The company boosted its credit outlook for the world's largest economy to stable from negative before trading started on that day, and the announcement caused the benchmark S&P 500 Index to rise 0.1 percent to 1,645.30 at 12:40 p.m. EST, according to Bloomberg.

In making its decisions, Standard & Poor's noted that the nation's financial risks are lower than they were before, the media outlet reports. The Dow Jones Industrial Average, another key group of stocks, was also having a good day, trading 0.1 percent higher at 15,257.91. 

This index changed direction and dropped slightly, trading down 0.1 percent later in the afternoon at 15,234, according to MarketWatch. At the time, 18 of the of the 30 securities contained in the Dow were lower. These fluctuations happened after the index surged more than 200 points on June 7.

Federal Reserve speculation persists
Another key variable you should know about if you want a good sense of how the news impacts asset markets is the decisions of the Federal Reserve in terms of economic stimulus.

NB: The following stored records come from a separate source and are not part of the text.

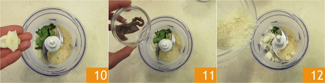 Adicione o dente de alho descascado e cortado ao meio (você pode remover o miolo antes de usá-lo) 10, as anchovas escorridas do óleo de conservação 11 e o queijo ralado 12. Tempere com uma pitada de sal, não exagere nesta fase devido à presença do queijo ralado.
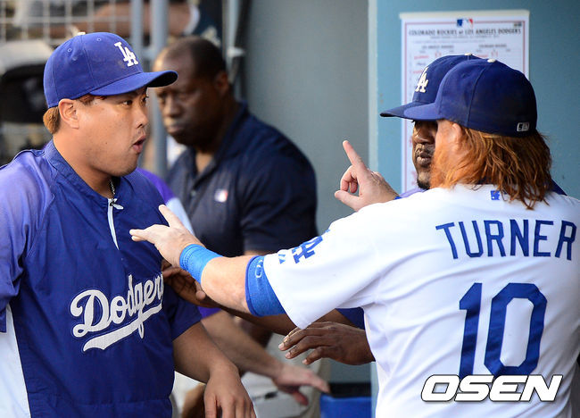 경기에 앞서 다저스 류현진이 유리베와 장난을 치자 터너가 이를 말리고 있다.
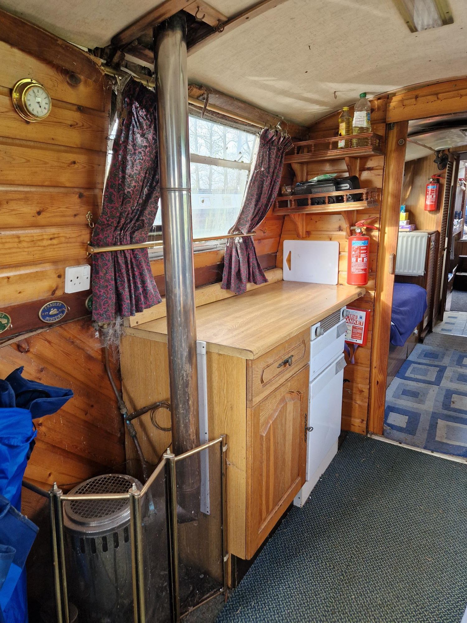 She comes with a range appliances: Gas water heater, Gas hob and oven, fridge, shower, diesel heater and radiators. Her engine is a reliable Lister SR2. A video of the engine running has been provided.
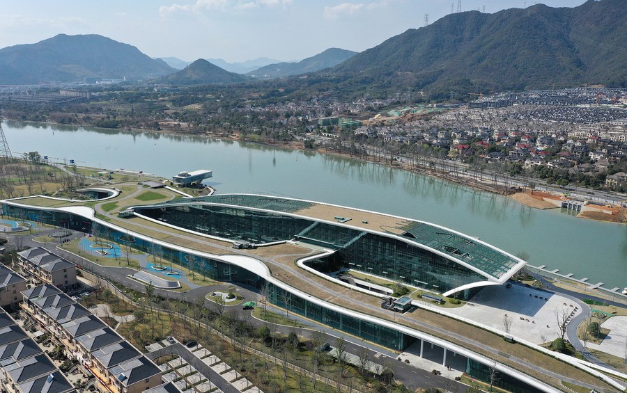 Areial photo taken on March 11, 2022 shows a view of the Fuyang Water Sports Center, a venue of the Hangzhou 2022 Asian Games. (Xinhua/Xu Yu)
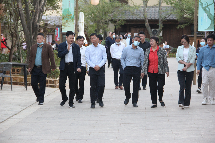 洪再林一行考察了游客中心、问梅村商业街、东山书院、凤源里社区等产品,详细了解问梅村商业街业态分布、经营模式及东山小镇开园运营接待等情况。

While the organization is currently buying $85 billion worth of debt-based securities every month, there is significant speculation surrounding if and when this regimen of purchases will change.

Statements have been made by various voting members of the Federal Open Market Committee related to when the organization will make adjustments to the amount of assets being bought on a regular basis.

Bullard's speech
One of these key communications was recently made by James Bullard, president of the St. Louis Federal Reserve, who noted that the existing program of bond purchases could potentially be continued given the existing inflationary pressures, according to Bloomberg.

Even though "labor market conditions have improved since last summer," he stated in remarks prepared for a panel discussion, "surprisingly low inflation readings may mean the Committee can maintain its aggressive program over a longer time frame," the media outlet reports.